• [Work item]
Leave out every picture, and restate word for word only the lines from the one containing "Hôm nay các" through the end of the material.

• [Data]
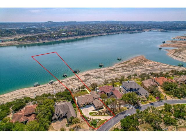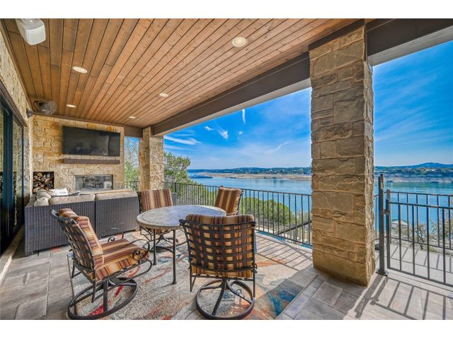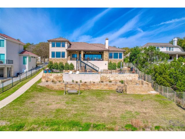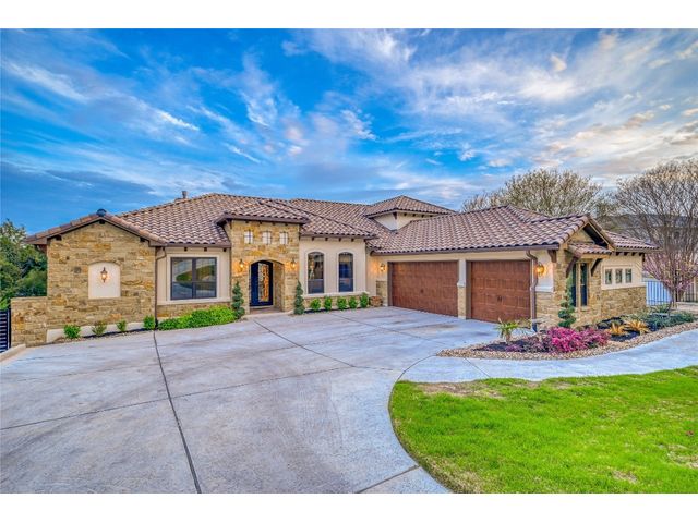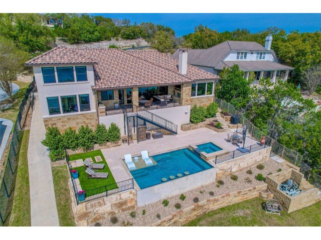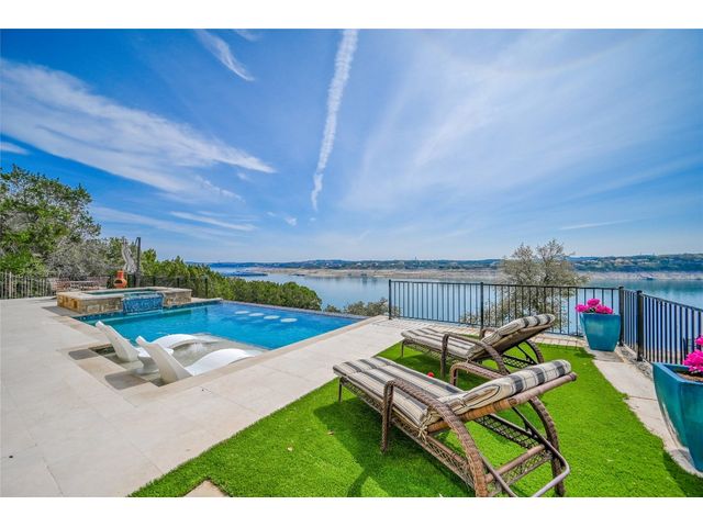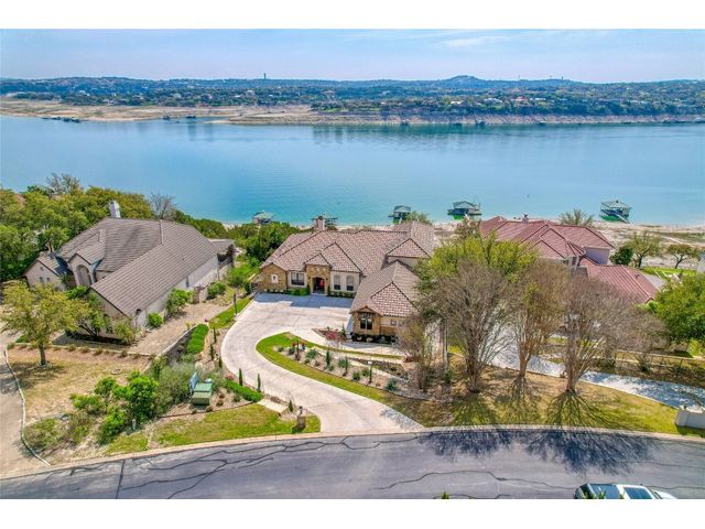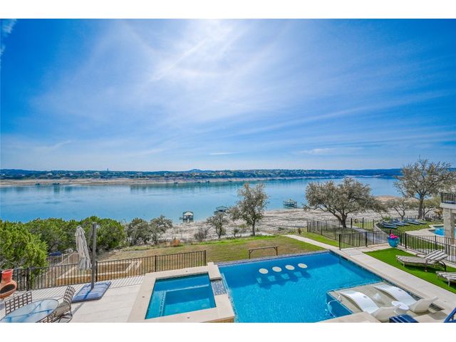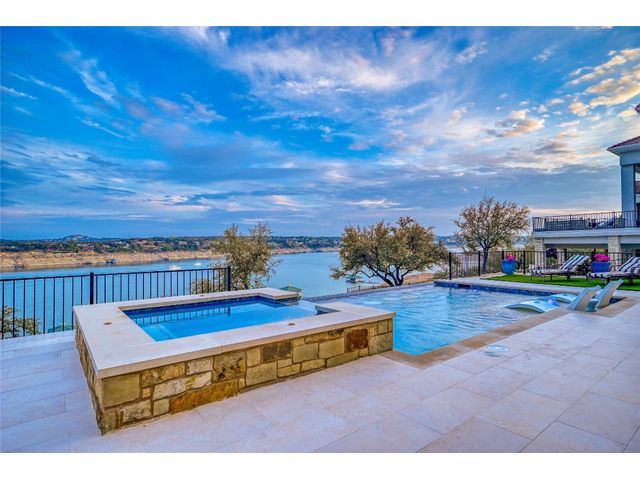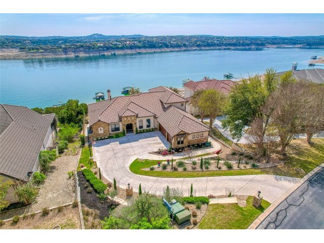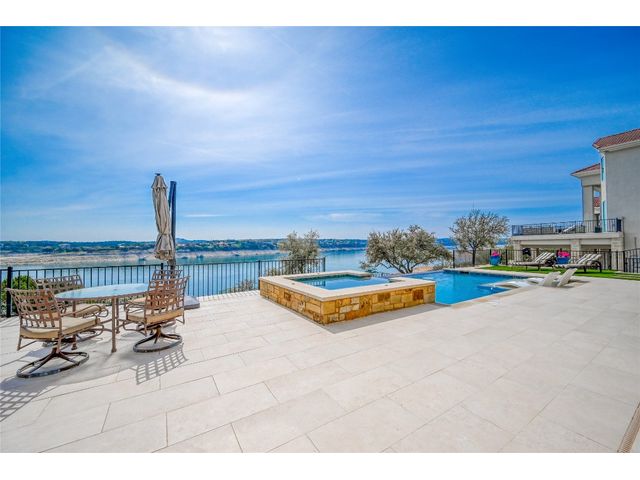 Breathtaking massive Lake Travis views and a beautiful custom Tuscan flavored home built in 2021 is to the market. Located in exclusive Waterford gated subdivision this home has much to offer. Featuring 4 bd and an office downstairs and a game room/bunkroom with full bath upstairs. The kitchen is fully equipped with double ovens, warming oven, 5 burner propane stove, perfect for the gourmet cook. The floorplan is open and free flowing with a wall of sliding doors that open completely to make the patio an extension of the great room. The exterior offers the best of lakeside living with a heated pool and spa, outdoor kitchen with a grill and fireplace. Watercraft storage includes a private boat dock with wave lifts. This property sits on over 11 acres which goes out to approximately the middle of the river bed.
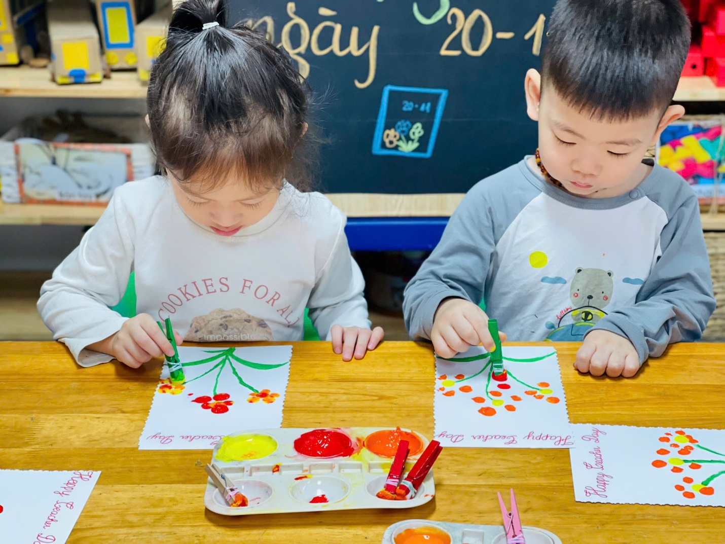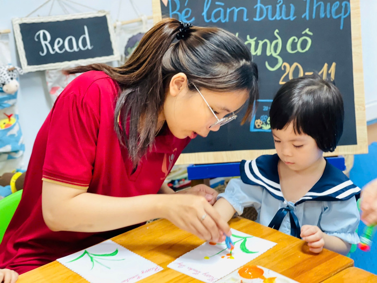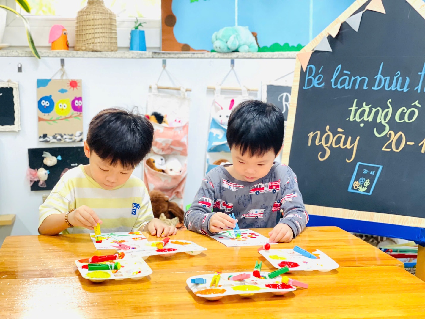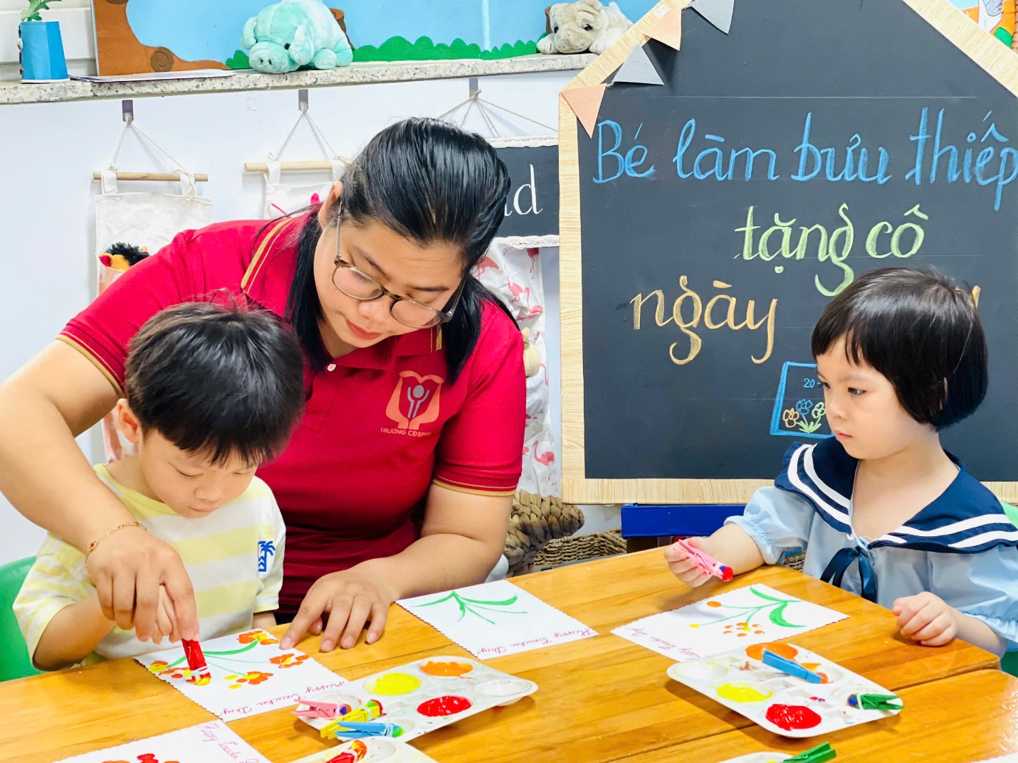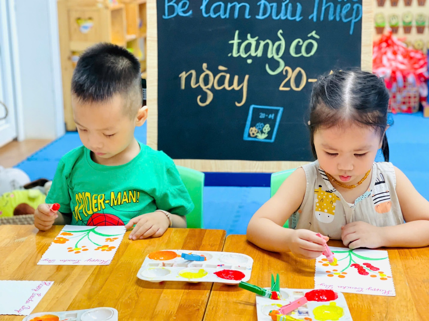 Hôm nay các bạn nhỏ lớp C3 đã làm tấm bưu thiếp thật đẹp để tặng các cô nhân ngày 20 – 11. Các con rất vui, thích thú, hào hứng tham gia. Qua đây cũng giúp các con biết cách bày tỏ tình cảm, bày tỏ lòng biết ơn của mình đối với cô giáo.
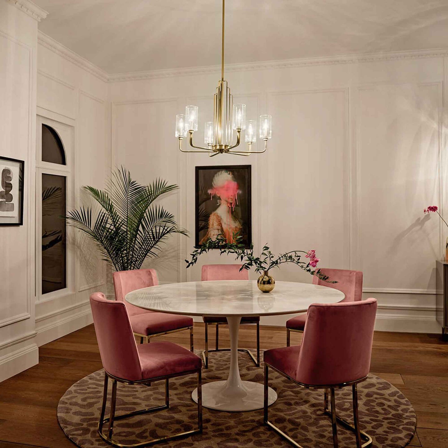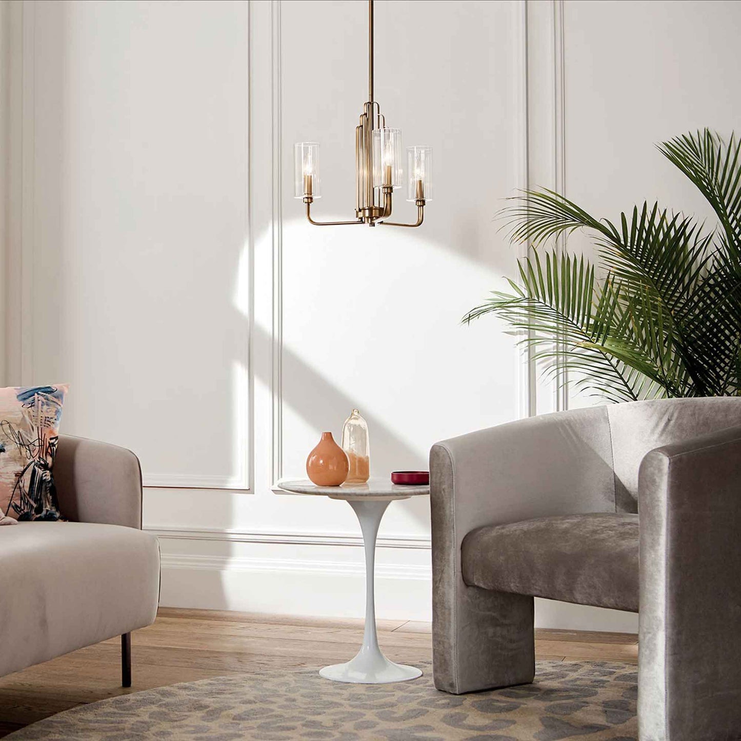 The Kimrose™ 3 light chandelier may be small in size but big in style. Its Art Deco-inspired geometric shapes take center stage in a gorgeous Brushed Natural Brass and Polished Nickel finish. The shades are Clear Fluted Glass, meaning they're ribbed gently with vertical grooves to produce a subtle lighting effect. For lighting without the effect, simply remove the shades.
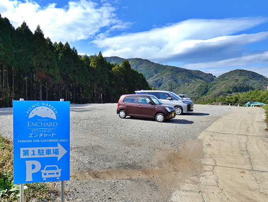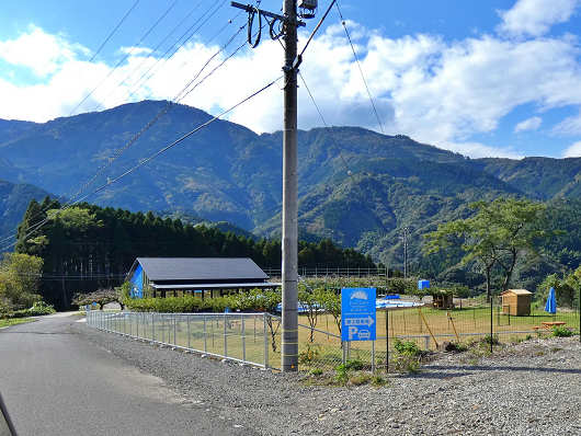 国道218号を横切って少し狭い道を1㎞ほど進むと、りゅうママのお目当てのスイーツのお店が前方に見えてきました。フェンスの手前にも広い駐車場(空き地?)がありましたが、目的のお店はフェンスの向こうに見えている建物なのでもう少し先へ進みました。

• [Response for this exercise]
 Hôm nay các bạn nhỏ lớp C3 đã làm tấm bưu thiếp thật đẹp để tặng các cô nhân ngày 20 – 11. Các con rất vui, thích thú, hào hứng tham gia. Qua đây cũng giúp các con biết cách bày tỏ tình cảm, bày tỏ lòng biết ơn của mình đối với cô giáo.
 The Kimrose™ 3 light chandelier may be small in size but big in style. Its Art Deco-inspired geometric shapes take center stage in a gorgeous Brushed Natural Brass and Polished Nickel finish. The shades are Clear Fluted Glass, meaning they're ribbed gently with vertical grooves to produce a subtle lighting effect. For lighting without the effect, simply remove the shades.
 国道218号を横切って少し狭い道を1㎞ほど進むと、りゅうママのお目当てのスイーツのお店が前方に見えてきました。フェンスの手前にも広い駐車場(空き地?)がありましたが、目的のお店はフェンスの向こうに見えている建物なのでもう少し先へ進みました。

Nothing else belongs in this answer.